This notebook shows a general example of mass balance calculation, we currently support two algorithms:
Non-negative algorithm, it solves KKT (Karush-Kuhn-Tucker) conditions for the non-negative least squares problem
Matrix decomposition, following Li et al. (2020) and Ghiorso 1983. The compositional matrix will be broken down by singular value decomposition, the coefficients will then calculated.
[1]:
# import python modules
import pandas as pd
import matplotlib.pyplot as plt
from massbalance.mb_tools import MassBalance
1. Define elements for calculation
We first need to define element list for mass balance calculation, special attention goes to FeO term, which we use FeO, not FeOt nor FeOtot, this is consistent with the input excel files.
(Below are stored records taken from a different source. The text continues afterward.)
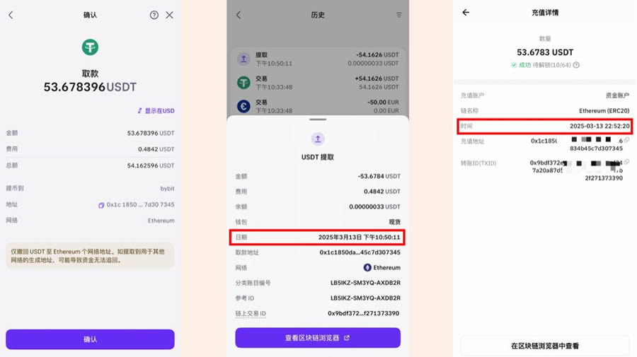 下一步就是确认取款,然后提款就成功了,然后我们去到Bybit看一下到账时间,22:52分,而转U的时间是22:50分,也就是2分钟左右到账了, 是非常快的。
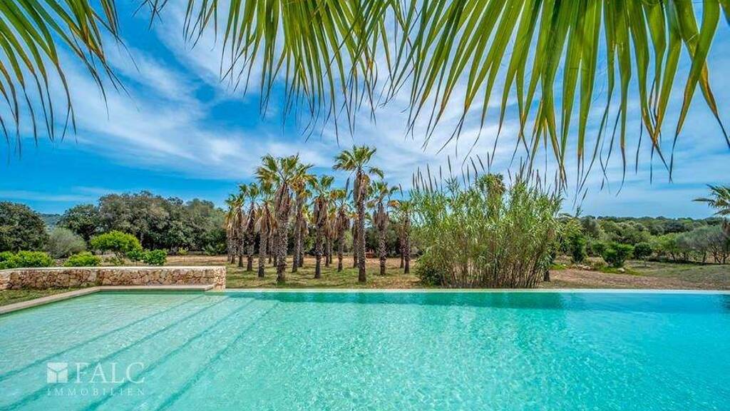 Diese wunderschöne Natursteinfinca bei Manacor liegt inmitten der Natur, bietet viel Ruhe und ist nur 10 Autominuten von einem fabelhaften Strand mit kristallklarem Wasser entfernt, im Südosten der Insel Mallorca. Die attraktive mallorquinische Immobilie wurde 2018 komplett renoviert und steht auf einem Grundstück von ca. 18.000 m2 mit Obstbäumen, Palmen und Olivenbäumen. Die bebaute Fläche von ca. 440 m2 verteilen sich wie folgt: Das Erdgeschoss besteht aus einem wunderschönen Eingangsbereich mit Glasdecke, einem Wohnzimmer mit Kamin, einer Küche, 2 Schlafzimmern mit Badezimmern en suite und einem Raum, welcher als Fitnessraum oder ein Spielraum genutzt werden kann. Die erste Etage bietet 2 Schlafzimmer, eines mit eigenem Bad und mit Balkon. Der charmante Aussenbereich besticht durch einen traumhaften Pool umgeben von Palmen und einen Garten mit Obstbäumen, der dazu einlädt, die wundervolle mediterrane Atmosphäre der sonnigen Insel Mallorca zu geniessen. Diese attraktive Finca in Manacor ist mit Klimaanlage, doppelt verglasten Climalit Fenstern, automatischer Gartenbewässerung und Steinzeugböden ausgestattet. Es handelt sich um eine idyllische Lage, die viel Privatsphäre und Ruhe bietet. Herrliche Strände mit türkisfarbenem Wasser sind nur wenige Autominuten entfernt.
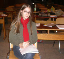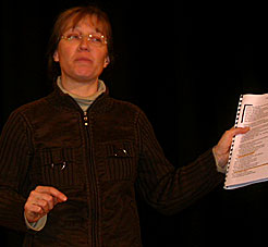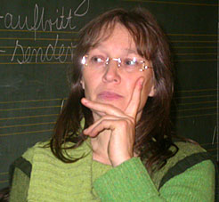 ist die weibliche Protagonistin des Ensembles. Im feministischen All-Girl-Ensemble in Köln hat sie illustre Rollen wie den "Shylock" (bzw. die "Sheila") gespielt, die "Heilige Johanna" sowohl von "Orleans" als auch die "der Schlachthöfe". Bei uns feierte sie als "Romeo" ihren bislang größten Erfolg und ist in "Shakespeare Reloaded" u.a. als "Laertes", als "Macbeth" und als "Macbeth-Hexe" zu sehen - und auch als "Hamlet", wenn sie sich durchsetzen kann... Ihr Credo lautet: "Mit Disziplin, Fleiß und Ehrgeiz kann man alles schaffen!"
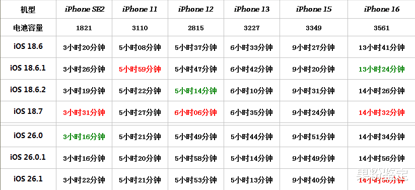 11月4号苹果凌晨发布了iOS26.1正式版,更新了很多新功能,不过大部分不怎么关注新功能,主要是关注升级后续航的情况,今天带来来自油管UP主 iAppleBytes 的电池续航测试。
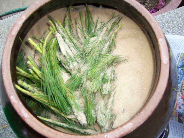 물끼를뺀 솔잎을 가지고 효소를담급니다.
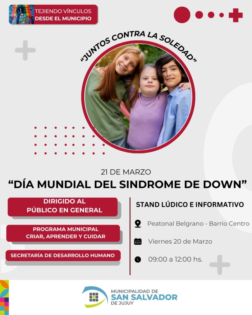 En el marco del Día Mundial del Síndrome de Down, que se conmemora cada 21 de marzo, la Municipalidad de San Salvador de Jujuy llevará adelante una actividad de sensibilización abierta a la comunidad, con el objetivo de promover la inclusión y generar conciencia sobre esta condición genética.
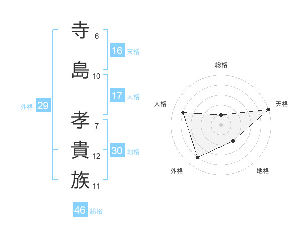 寺島 孝貴族さんの天格は16画の5点!
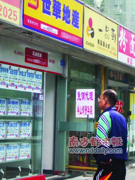 剛看到世華地產彩田村分行門口“免傭代理半山御景華庭”的告示時,記者還以為是二手樓,因為只有買二手房才需要付給中介公司傭金。采訪之后才知道,原來“免傭”的說法是相對中介公司而言的。“一般來說,在中介公司放盤的都是二手房,交易達成后中介向賣方雙方各自收取房款1.5%的傭金,而現在我們這里放盤的半山御景華庭是一手新樓,我們作為中介代理方帶客戶過去購買,對買家是不收取任何中介費用的,而是開發商給予我們傭金提成。”該店鋪經紀人陸先生解釋道。

Feel free to change the order of the elements
[2]:
cmpnts = ['SiO2','Al2O3', 'TiO2', 'MgO', 'FeO', 'MnO', 'CaO', 'Na2O', 'K2O', 'P2O5', 'Cr2O3'] # change your desired elements for mass balance calculation
if you also want to integrate standard deviation on elements, this can be done manually or by the following line
[3]:
cmpnts_std =[x + '_std' for x in cmpnts] # save columns for std
cmpnts_std
[3]:
['SiO2_std',
'Al2O3_std',
'TiO2_std',
'MgO_std',
'FeO_std',
'MnO_std',
'CaO_std',
'Na2O_std',
'K2O_std',
'P2O5_std',
'Cr2O3_std']
2. Load data
The easist way is to copy paste data in the input excel file, please also check README file for details of data prepration
[4]:
nat_comp = pd.ExcelFile("input_comp.xlsx")
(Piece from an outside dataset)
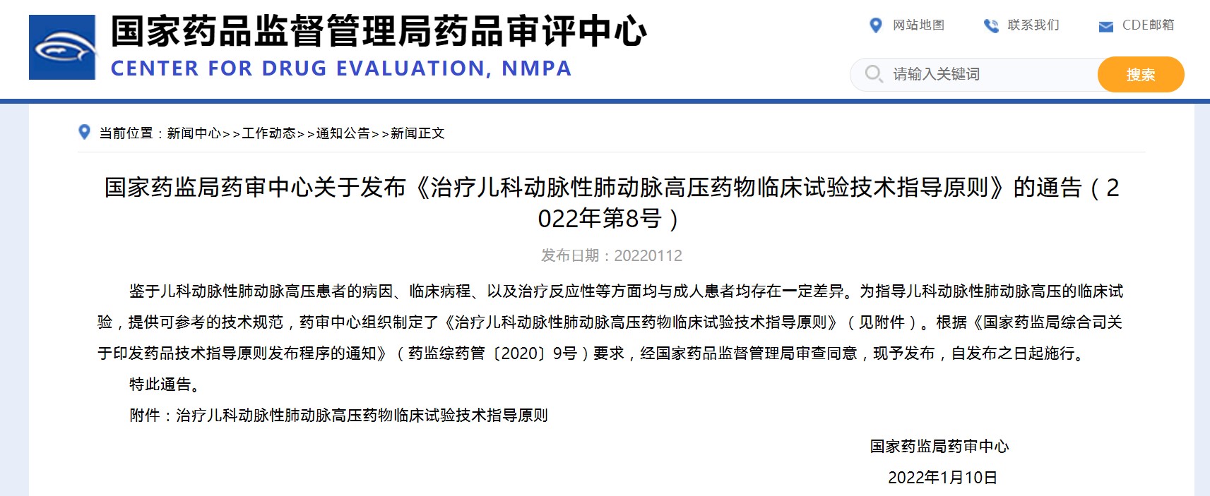 國家藥監(jiān)局藥審中心關(guān)于發(fā)布《治療兒科動脈性肺動脈高壓藥物臨床試驗技術(shù)指導(dǎo)原則》的通告(2022年第8號)
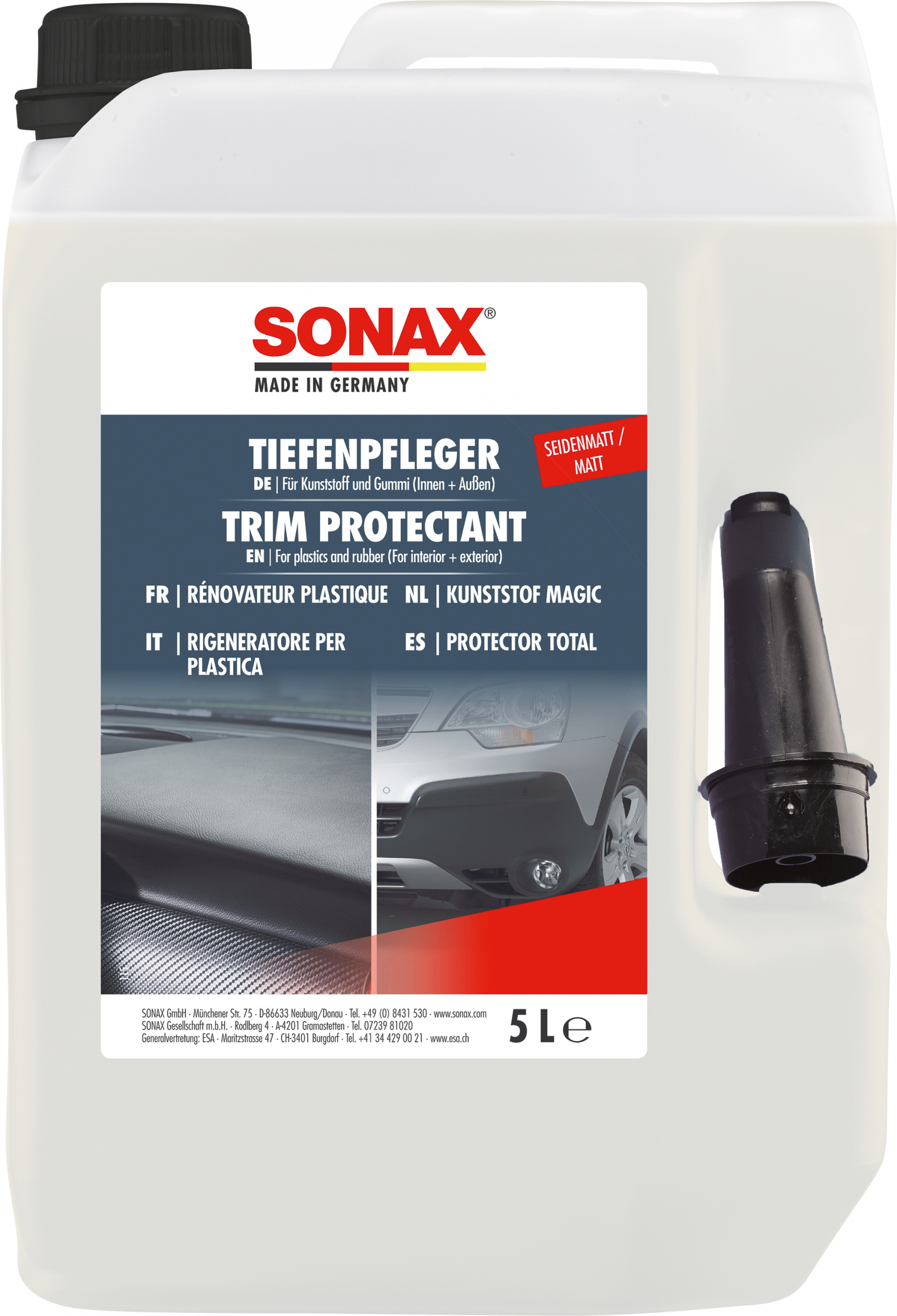 Der SONAX TiefenPfleger seidenmatt reinigt gründlich und hinterlässt auf den behandelten Oberflächen eine pflegende seidenmatte Schicht. Dadurch werden Kunststoff und Gummi noch länger vor Schmutz und Witterungseinflüssen geschützt - insbesondere auch vor dem Ausbleichen durch UV-Strahlen. Frischt die Farben wieder auf, die Oberfläche erhält ein mattes gepflegtes Aussehen, einen dauerhaften Abperleffekt und einen verbesserten Schutz vor Wiederverschmutzung. Das ursprünglich matte Aussehen des Cockpits bleibt erhalten, störende Reflektionen an der Frontscheibe werden vermieden. Hinterlässt einen neuen frischen Duft.

We load the whole excel spreadsheet to a pandas ExcelFile, to access data in your spreadsheet, you can do so by looping through ExcelFile to a dictionary:
[5]:
nat_dict = {} # create dictionary to collect compositions of different phases
nat_phases = [] # create list to save all phases in the calculation. Note bulk will be the bulk compsition, run_index will be your sample number, or rock id . etc
for sheet_name in nat_comp.sheet_names:
nat_phases.append(sheet_name)
nat_dict[sheet_name] = nat_comp.parse(sheet_name)
nat_phases stores the sheet names, nat_dict stores the data of each sheet.
[6]:
nat_phases
[6]:
['gl', 'ol', 'sp', 'py', 'pureFe', 'pureNa', 'bulk', 'run_index']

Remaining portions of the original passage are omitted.